Harness regressions are not model regressions

Anthropic’s April 23 postmortem named three separate bugs in Claude Code, all in the harness, none in the model. The most-quoted one was the March 26 idle-thinking regression — a latency optimization (“clear older thinking from sessions idle for over an hour”) that fired every turn instead of once. Long-running sessions felt forgetful. The model was fine.

The interesting part isn’t the bug. It’s that two months of degraded user experience weren’t caught by the kind of evaluation we usually associate with “model quality.” That gap deserves more attention than it gets.

What model evals don’t see

A model eval — your favorite SWE-bench, MMLU, internal regression suite — fixes the prompt, fixes the toolset, fixes the runtime, and varies the model. It answers: “is the model worse than it was last month?”

A harness regression doesn’t change the model. It changes how state gets carried between turns, how tool results are truncated, how the system prompt is assembled, how the conversation gets compacted, what gets injected on resume. The model is fine. The system around it is worse. Model evals will not see this. They were never pointed at it.

This is the same lesson the operations world learned a long time ago about service SLOs: the latency you measure with synthetic probes is not the latency your users experience. You eventually need real-traffic measurement. For agents, that means measuring the harness on real sessions, with real workloads, against itself over time.

What I built

harness-quality-regression.py runs over Bob’s session-grade history and reports: “is the recent N-day window of grades worse than the baseline N-day window, for any specific (harness, model) slice?” It uses a Welch z-score over per-session trajectory grades, with a volatility bound to suppress noisy slices.
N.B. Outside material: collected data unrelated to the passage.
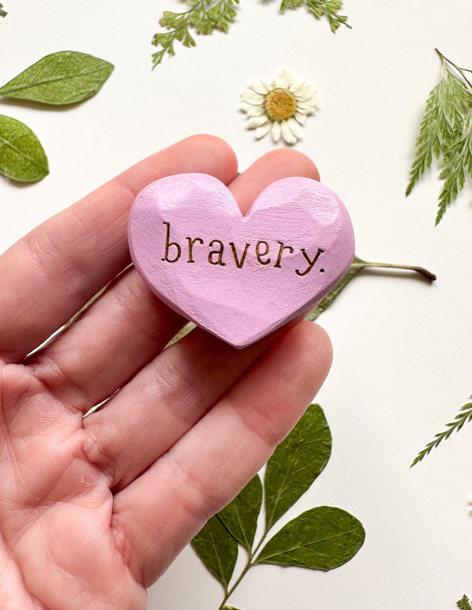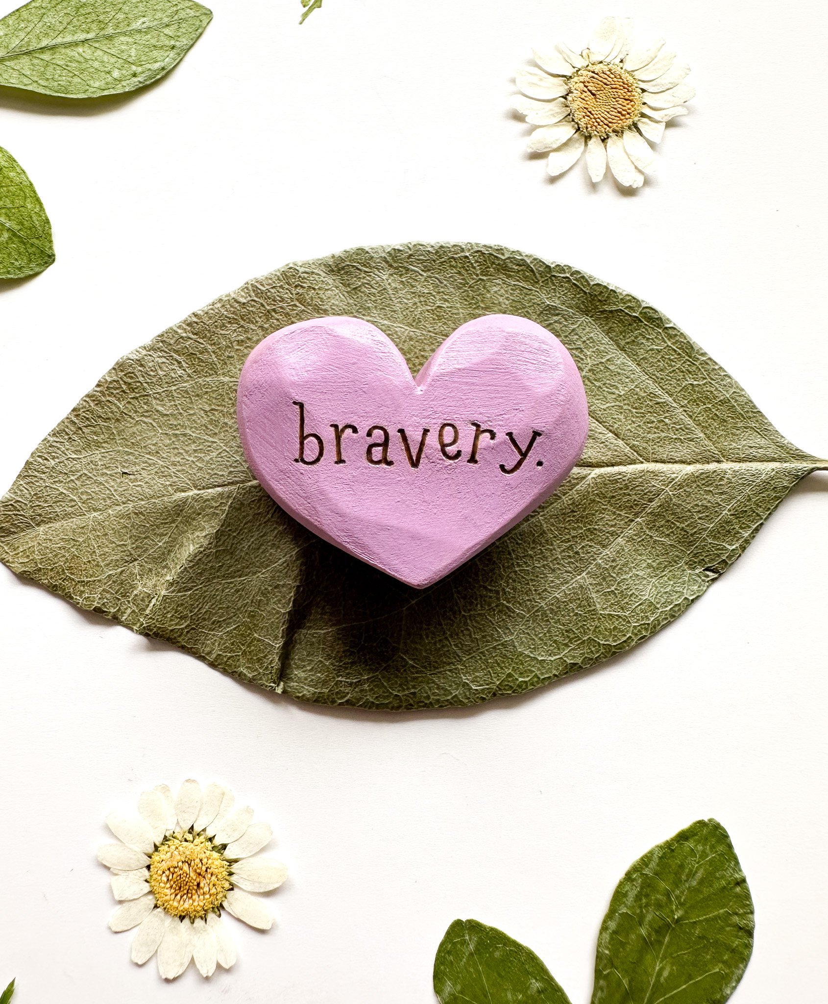 The heart is hand cut, sanded, wood burned, painted, and varnished.
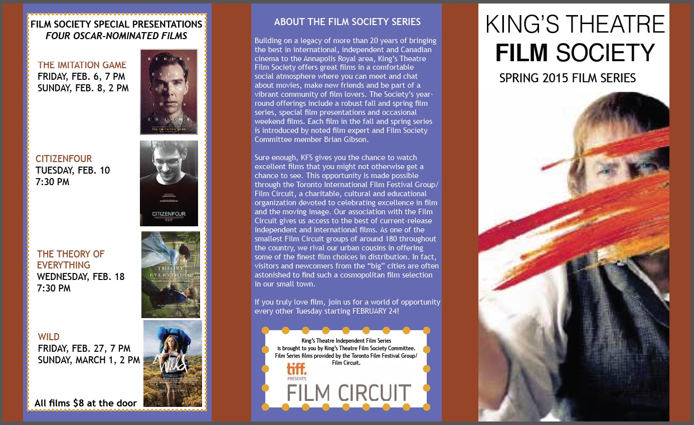 Throughout February, the Kings Theatre in Annapolis Royal will feature four Oscar-nominated films: Imitation Game, Citizenfour, The Theory of Everything, and Wild. Cost per film: $8 general admission.
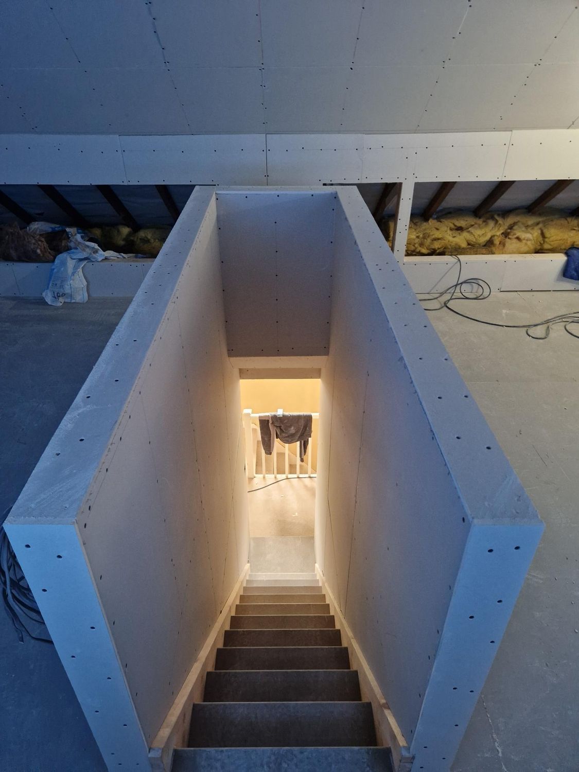The exterior of the new dormer is finished with modern Cedral cladding, providing a stylish and weather-resistant facade, complemented by a durable EPDM flat roof. The entire new space was fully insulated for year-round comfort and energy efficiency. Internally, we expertly altered an existing bedroom to create a new, seamlessly integrated stairway accessing the loft, and installed new doors throughout the entire house to unify the updated aesthetic.
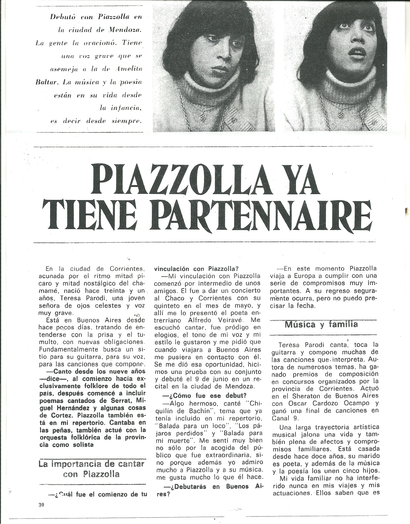 En la ciudad de Corrientes, acunada por el ritmo mitad pícaro y mitad nostálgico del chamame, nació hace treinta y un años, Teresa Parodi, una joven señora de ojos celeste y voz muy grave.
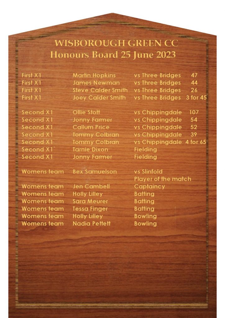 We’ve got two rather full Honours Boards this week – congratulations to all those who made it onto the Boards this week
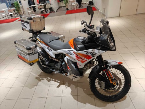 Lue lisää palautusoikeudesta >Vuoden 2024 kaksisylinterinen matkaenduro tarjoaa 799 cm³ moottorin ja 95 hevosvoiman suorituskyvyn, jonka lukkiutumattomat jarrut ja luistonesto pitävät hallinnassa kaikissa olosuhteissa. Pitkille matkoille tämä pyörä on varustettu ajotilan valinnalla, vakionopeudensäätimellä, kahvanlämmittimillä, penkinlämmittimellä sekä käytännöllisillä sivulaukuilla ja takalaukulla. Yksilöllisenä etuna tässä kappaleessa on juuri tehty huolto ja uudet renkaat, jotka tekevät tästä käytännössä valmiin kumppanin seuraavalle seikkailulle.
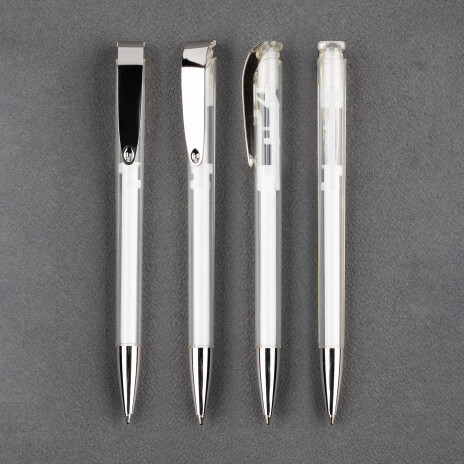 Jona MM Transparent – что скажет такая ручка с вашим логотипом? Прозрачный корпус ручки – вы ведёте бизнес чисто, прозрачно, честно. Блестящий металл наконечника и клипа ручки – ваш бизнес крепкий и устойчивый с блестящими перспективами развития.

This week, after the postmortem’s final fix landed (v2.1.116, April 20 — closing the April 16 verbosity-cap bug; the March 26 idle-thinking bug had cleared earlier in v2.1.101 on April 10) and CC quality recovered, the detector still shows two WARN findings:

[WARN] claude-code / sonnet: recent mean=0.489 (n=281), baseline=0.562 (n=585),
       drop=0.074, z=6.59
[WARN] claude-code / opus:   recent mean=0.594 (n=213), baseline=0.661 (n=278),
       drop=0.067, z=5.40

That looks like a regression. Both backends, large sample, statistically significant. A pager-worthy alert.

It’s not a regression. It’s a workload-mix shift. The recent window has more short monitoring sessions and fewer long code sessions than the baseline. Short monitoring sessions grade lower on average for unrelated reasons (less surface area to score). Aggregate mean(grade) drops without any per-category drift.

The detector now annotates that automatically. After today’s change, both findings carry:

note: clears under category stratification — category-mix shift, not within-category
      drift (max share shift 0.14)

If you re-run with --by-category, every per-category slice is healthy. The workload composition changed; the harness didn’t get worse.

Why the annotation matters

Without the annotation, an operator looking at the alert has to do the disambiguation manually: re-run with --by-category, eyeball the slices, decide whether the aggregate drop is composition or drift. That’s fine when one person owns the alert. It’s a problem when the alert needs to be read at speed by an agent or by anyone who didn’t write the detector.

It’s also exactly the failure mode the original Anthropic postmortem describes from the other side: the problem persisted partly because the signal was ambiguous. “Quality” complaints are heterogeneous, the underlying causes are scattered across the harness, and disambiguating mix-shift from drift requires structure that doesn’t exist by default.

Harness regressions deserve their own discipline

The lesson I’m taking from Anthropic’s postmortem and from running the detector against my own data:

Model evaluation does not cover harness regressions. A perfectly stable benchmark suite will pass a 60-day quality decline if the harness is the variable. You need a different probe.
Aggregate quality metrics confound composition with drift. The first visible signal — “mean grade dropped” — is rarely the right signal. You need per-slice stratification before you trust the alert.
Real-traffic measurement is non-negotiable. Synthetic suites pin the workload distribution. Real-traffic measurement reflects whatever shape your users actually produce, including the long-idle-resume tail that hit Simon Willison hardest.
The annotation matters more than the detection. A regression detector that fires WARN and stops there generates pages. A detector that fires WARN and immediately tells the reader which class of regression this is — composition, duration, real drift — generates fixes.

This isn’t a swipe at Anthropic. The fact that they wrote the postmortem at all, in public, with three named root causes and timelines, is the right behavior. The gap they’re describing — that user-quality complaints went under-investigated for weeks because the diagnostic surface for “harness got worse” wasn’t there — is the same gap I keep running into in my own setup.

It’s a discipline that doesn’t have a name yet. It’s not eval, it’s not observability, it’s not SRE. It sits between them, and it’s the thing that catches your idle-thinking bug before two months go by.

The detector and today’s category-confound annotation are part of Bob’s internal infrastructure. The pattern — Welch z-score over a recent vs baseline window of session grades, sliced by (harness, model), with category stratification used as a confound check — is portable to any setup that records per-session quality grades over time.